A number of mechanisms have been proposed for cycloserine inhibition of a range of PLP-dependent enzymes and have been collated by Olson et al. (35). In one mechanism originally proposed for the inhibition of alanine racemase, the authors speculate that the cycloserine ring of the inhibitor-PLP adduct is opened after attack by either an active site nucleophile on the enzyme or hydroxide ion (36,37). In the case of S. paucimobilis SPT Ikushiro et al. (30) proposed that hydrolysis of the ring-open adduct leads to formation of free pyridoxamine 5′-phosphate (PMP) and beta-aminooxypyruvate (Fig. 2C). They speculated that the 380 nm peak that they observed upon incubation of SPT with LCS could be due to formation of a transient oxime intermediate while the 330 nm peak is due to the ring-opened adduct prior to hydrolysis (Fig. 2C). Of interest, a similar UV-vis spectrum was obtained in a study of the interaction of LCS with ArnB, the PLP-dependent aminotransferase involved in amino arabinose biosynthesis (38). X-ray structure analysis of that inactivated enzyme revealed a bound hydroxyisoxazole-PLP adduct at the ArnB active site. Therefore it appears that LCS can interact with its target enzymes in different ways with the cycloserine ring remaining intact or undergoing ring cleavage.

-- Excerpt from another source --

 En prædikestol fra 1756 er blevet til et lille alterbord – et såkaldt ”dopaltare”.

Dramatic changes in the PLP absorbance spectrum of holo-SPT were also observed within 30 seconds after addition of DCS (Fig. 5B, dashed line) but changes thereafter were much slower compared to LCS, occurring over a period of ~10 hours (Fig. 5B, dotted and dot-dash lines). These spectroscopic changes correlate with the observation that DCS inactivates SPT activity at a slower rate than LCS (see Fig. 3). Loss of the 425 nm peak was accompanied by appearance of a new peak at 380 nm. Over time (~2-10 hrs) this peak shifted to 365 nm along with the slow appearance of a pronounced, broad shoulder with λmax at 330 nm. In contrast to the changes that occurred in the presence of LCS the 380 nm peak was the most dominant and not the 330 nm peak. Since DCS is a much slower inhibitor than LCS a build-up of intermediates along with slower formation of products might be expected and tends to agree with Ikushiro’s proposition (30) that the LCS-derived 380 nm peak could be that of an oxime intermediate, while the slow build-up of products is represented by the slowly-formed 330 nm shoulder.

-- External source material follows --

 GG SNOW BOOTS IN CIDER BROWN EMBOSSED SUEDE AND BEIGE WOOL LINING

The UV-vis spectra of holo-SPT in the presence of LCS and DCS (Fig. 5A and 5B) are very different to each other. In contrast, the spectra of free PLP in the presence of both CS enantiomers are identical and display maxima at 360 nm (Supplementary Fig. 1A and 1B). Therefore it is clear that the enzyme does not simply accommodate a PLP-cycloserine aldimine that is formed between the cofactor and inhibitor in solution. The new 330 nm peak observed in the spectrum of the enzyme in the presence of both CS enantiomers is similar to the λmax (320 nm) for free PMP (Supplementary Fig. 1C) and could be due to bound PMP.

Identification of SPT-cycloserine reaction products by LC-MS

The reaction products after inactivation of SPT by both CS enantiomers were analysed by LC ESI-MS (Supplementary Fig. 2). After 30 mins inactivation, low molecular weight products were separated from the protein by centrifugation through a filter with a 3 kDa cut-off. Analysis of this sample by LC ESI-MS showed a peak in the single ion monitoring (SIM) at m/z = 248 with a total ion count (TIC) above background at 2.8 min that corresponds to PMP (Supplementary Fig. 2B). We were unable to detect an ion above background corresponding to the aminooxyaldehyde so the filtrate was derivatised with 2,4-dinitrophenylhydrazine (2,4-DNP) to form the corresponding hydrazone (chemical formula C8H9N5O5 = 255.06, Supplementary Fig. 2A). When the 2,4-DNP derivatised sample was analysed by LC-MS a clear peak eluted from the C18 column at 3.1 minutes that ionized very well above background (Supplementary Fig. 2C). Electrospray MS analysis of this peak revealed it to have m/z = 256 (Supplementary Fig. 2C) which corresponds to the [M+H]+ ion of the 2,4-DNP derivative of β-aminooxyacetaldehyde derived from LCS. No peaks were observed for free PLP and a 2,4-DNP derivative of the PLP aldehyde. These peaks were not observed for control SPT samples treated in the same way but in the absence of cycloserine (data not shown). We carried out a similar analysis of SPT after incubation with DCS. We observed the same peaks as seen in the LCS analysis but the total ion counts were much lower overall and the UV trace was more complicated, unsurprising given the slower rate of reaction with this enantiomer (data not shown). We conclude that LCS inactivation of SPT results in the formation of PMP and β-aminooxyacetaldehyde from the cycloserine ring.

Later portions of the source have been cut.